The bath solution for INCX measurements contained (mmol/l): 135 NaCl, 10 CsCl, 2 CaCl2, 1 MgCl2, 10 Hepes, 10 glucose, 0.01 nifedipine, 0.1 niflumic acid, 0.05 lidocaine, 0.02 dihydroouabain, pH 7.4 (CsOH). Microelectrodes were filled with (mmol/l): 10 NaOH, 150CsOH, 2 CaCl2, 1 MgCl2, 75 aspartic acid, 5 EGTA, pH7.2 (CsOH).

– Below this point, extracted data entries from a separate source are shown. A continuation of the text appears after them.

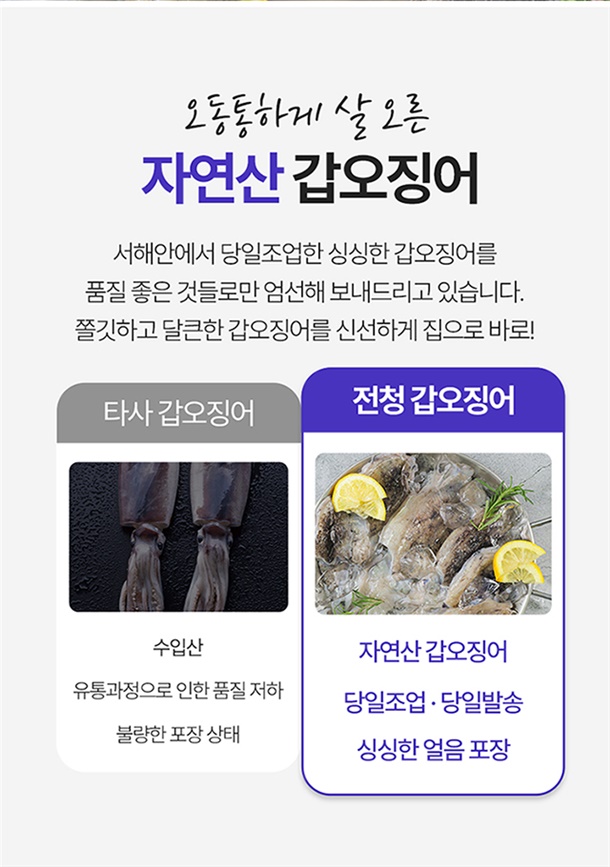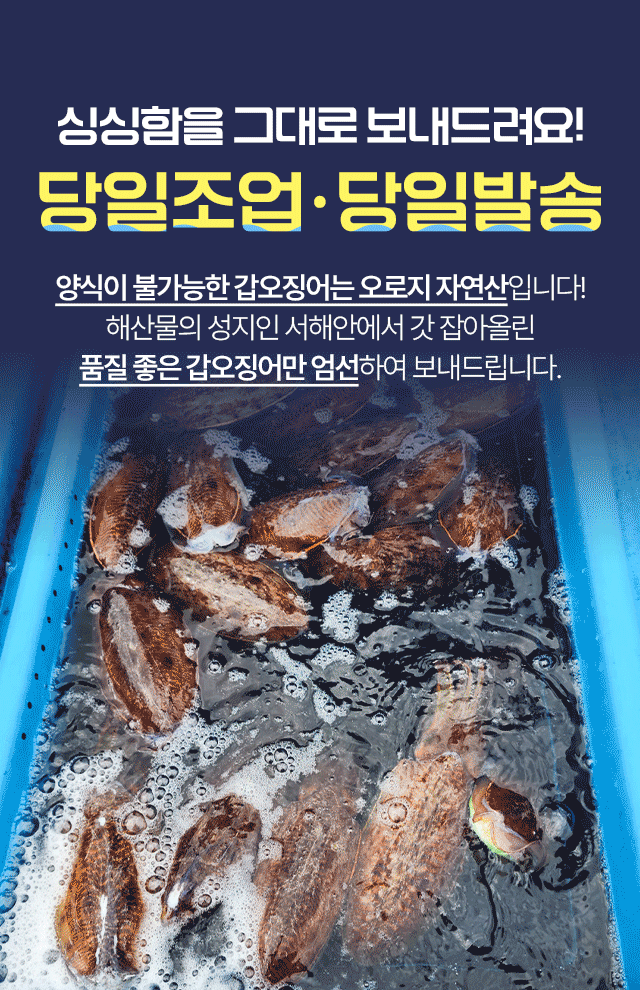 서해안에서 갓 잡아올린 품질 좋은 갑오징어 발송!
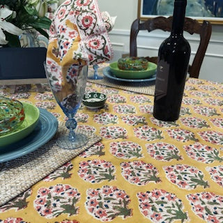 Hazel Block Print Floral Table Cloth Is Bright and Fresh (Gold and Pink)
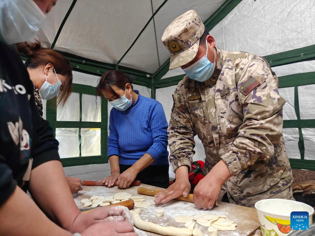 A soldier makes dumplings with quake-affected residents at a temporary relocation site in Zhongchuan Township of Minhe County in northwest China's Qinghai Province, Dec. 22, 2023. The Chinese People's Liberation Army (PLA) and the People's Armed Police Force (PAPF) have deployed multiple rescue forces to quake-hit areas in response to a 6.2-magnitude earthquake that jolted northwest China's Gansu Province late Monday. In Qinghai Province, the earthquake had killed 31 people as of Thursday. (Photo by Han Zhen/Xinhua)

E-4031, chromanol 293B, nifedipine, NiCl2, NS8593, niflunic acid, LPS (Lipopolysaccharides from E. coli, source strain ATCC 12740, serotype 0127:B8, gel filtrated, gamma irradiated, cell culture tested, Sigma L 4516), lidocaine, glybenclamide and dihydroouabain are from Sigma Aldrich, 4-AP from RBI, apamin from Alomone Labs, TTX from Carl Roth. E-4031, NiCl2, TTX, 4-AP, apamin, niflumic acid, glybenclamide and dihydrooubain were dissolved in H2O. Nifedipine, NS8593 and chromanol 293B were dissolved in DMSO, lidocaine in ethanol and LPS in RBMI medium. Stock solutions were kept at −20 °C.

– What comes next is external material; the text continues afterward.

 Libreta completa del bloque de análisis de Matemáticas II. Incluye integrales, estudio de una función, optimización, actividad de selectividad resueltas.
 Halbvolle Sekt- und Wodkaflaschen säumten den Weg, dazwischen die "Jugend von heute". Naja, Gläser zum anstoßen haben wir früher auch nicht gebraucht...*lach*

If not otherwise indicated data are shown as mean ± SEM and were analyzed using InStat© (GraphPad, San Diego, USA) and SigmaPlot 11.0 (Systat GmbH, Germany). By analyzing the data with the Kolmogorov Smirnov test it was decided whether parametric or non-parametric tests were used for analysis. For parametric data one-way ANOVA with Dunnett’s post-test for multiple comparisons (all treated groups versus control) or test of trend were performed. For non-parametric data the Kruskal-Wallis test with Dunn’s multiple comparisons post-test was used. For repeated measurements, e.g. analysis of current-voltage relationships, parametric one-way repeated measures ANOVA with Dunnett’s multiple comparisons post-test was applied. Unpaired Student’s t-test was used for comparisons of two independent groups with normal distribution. p < 0.05 (two-tailed) was considered significant, p < 0.10 (two-tailed) was considered significant by tendency.